Saturday, June 03, 2006

Family Practice

(Part 3 of Stateside Healthcare: Art, Science, and Commerce?)

As one of the primary care fields, Family Practice (FP) has an important place in the healthcare delivery system. Its versatility of being able to diagnose and treat conditions classifiable under various specialties (seen during the elective rotation were cases falling under orthopedics, psychiatry, gynecology, internal medicine, pediatrics, ophthalmology, and minor surgery) gives it a role that allows patients to receive immediate care and not wait long for a specialist. In the event however that a condition proves to be beyond the training of the family practitioner, an educated referral is made, with the FP physician ordering preliminary diagnostics and administering basic treatment – easing the illness of the patient and the work that the specialist has to do.
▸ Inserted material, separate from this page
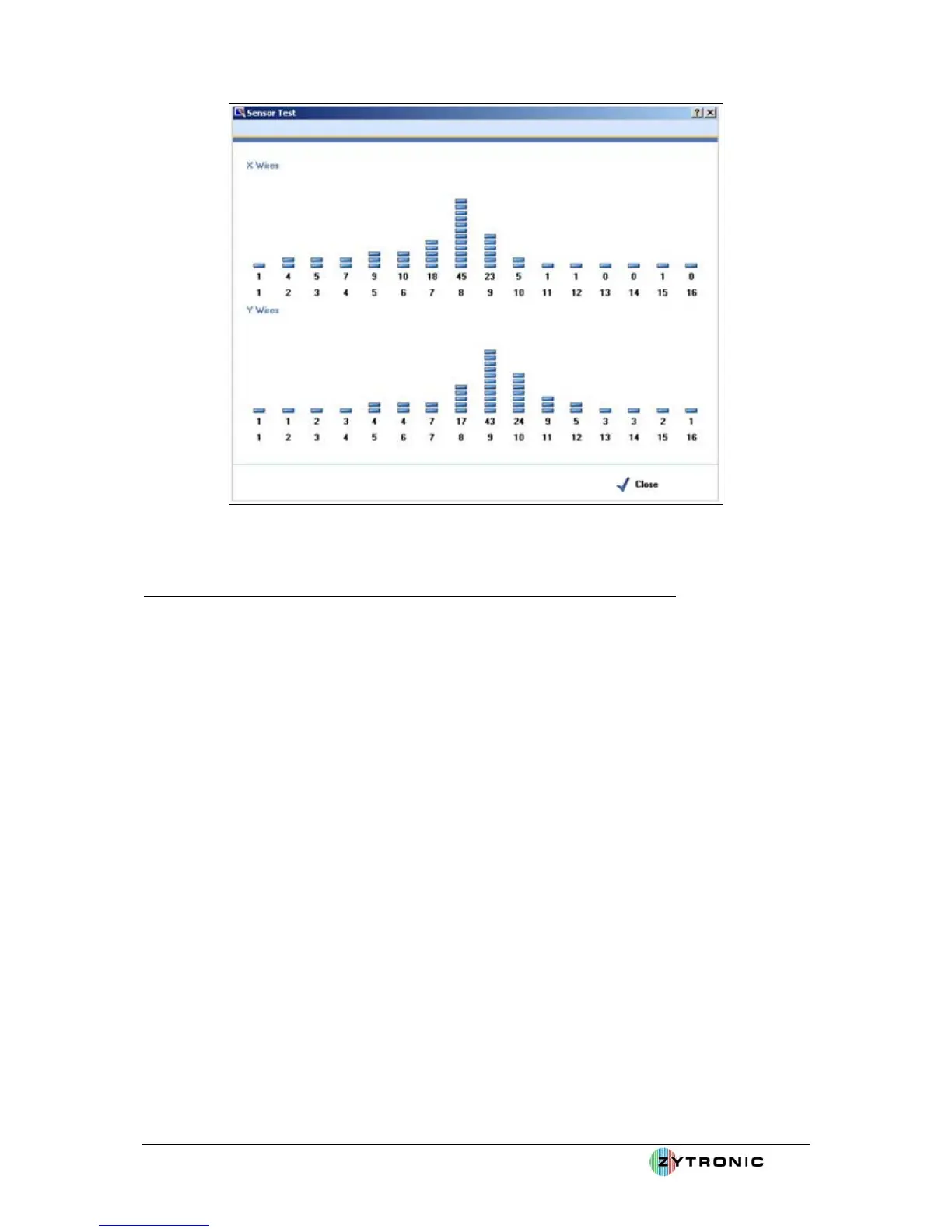 Figure 26: Sensor Test Page with wire level peaks as a result on an applied touch

There is of course the question of what differentiates a family practitioner from a general practitioner (GP). While a GP in essence has the same scope of patient age (from womb to tomb) with that of FP, the latter lays claim to post-graduate residency training of three years. Typically, the first year includes rotations in major medical disciplines with time for outpatient services; while the second and third years involve rotations in major specialty and subspecialty services and increased outpatient time . This gives FP practitioners familiarity with and experience on management of commonly encountered diseases, equipping them with the knowledge and skills to do primary care to patients of virtually any age. In underserved areas wherein certain specialties cannot be found, FP provides diagnosis and treatment (e.g. emergency appendectomy).
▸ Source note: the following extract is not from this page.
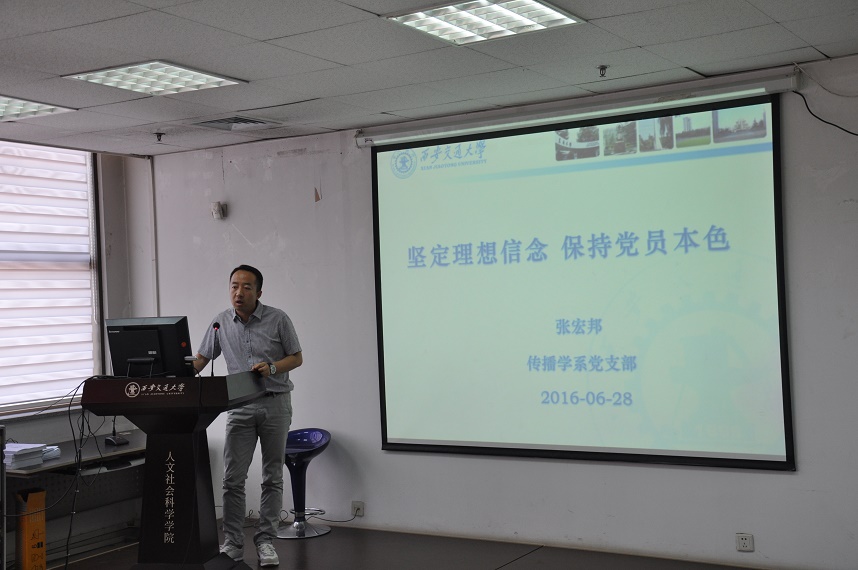 会上,先进党支部和优秀共产党员代表分别做交流发言。社会学系党支部书记童梅同志以“包容多元、传递温暖、共同发展”为主题,展示了支部近两年来的工作做法、工作特色、突出成绩以及未来努力方向;硕士5099党支部书记闫潇同学从组织建设、思想作风建设、支部氛围建设、发挥党员先进性作用等方面,汇报了学生党建工作的风采;优秀共产党员代表张宏邦同志从坚定理想信念、提高政治觉悟,立足本职工作、增强大局意识,坚持以知促行、争做优秀党员三个方面谈了他本人和传播学系全体党员的学习工作状态;迟凯文同学以“实现中国梦,青春勇担当”为主题,阐释了“以青春之我,创建青春之家庭,青春之国家,青春之民族,青春之人类,青春之地球,青春之宇宙”的内涵。

Alternative practices also abound for FP physicians. A 2001 essay in the American Academy of Family Physician (AAFP)’s publication Family Practice Management lists fourteen alternatives to the often construed outpatient practice style of the FP Physician: resort doctor, prison doctor, free-range physician , medical director, locum tenens , legislator, urgent care and emergency medicine, hospitalist , administrator, focused practices , public health and epidemiology, research, private business , and education. Considering individual practitioner variations, FP income on the average ranges from approximately US$ 140,000 to 163,000 (PHP 7.23 to 8.42 million, at US$1 = PHP51.65) per annum.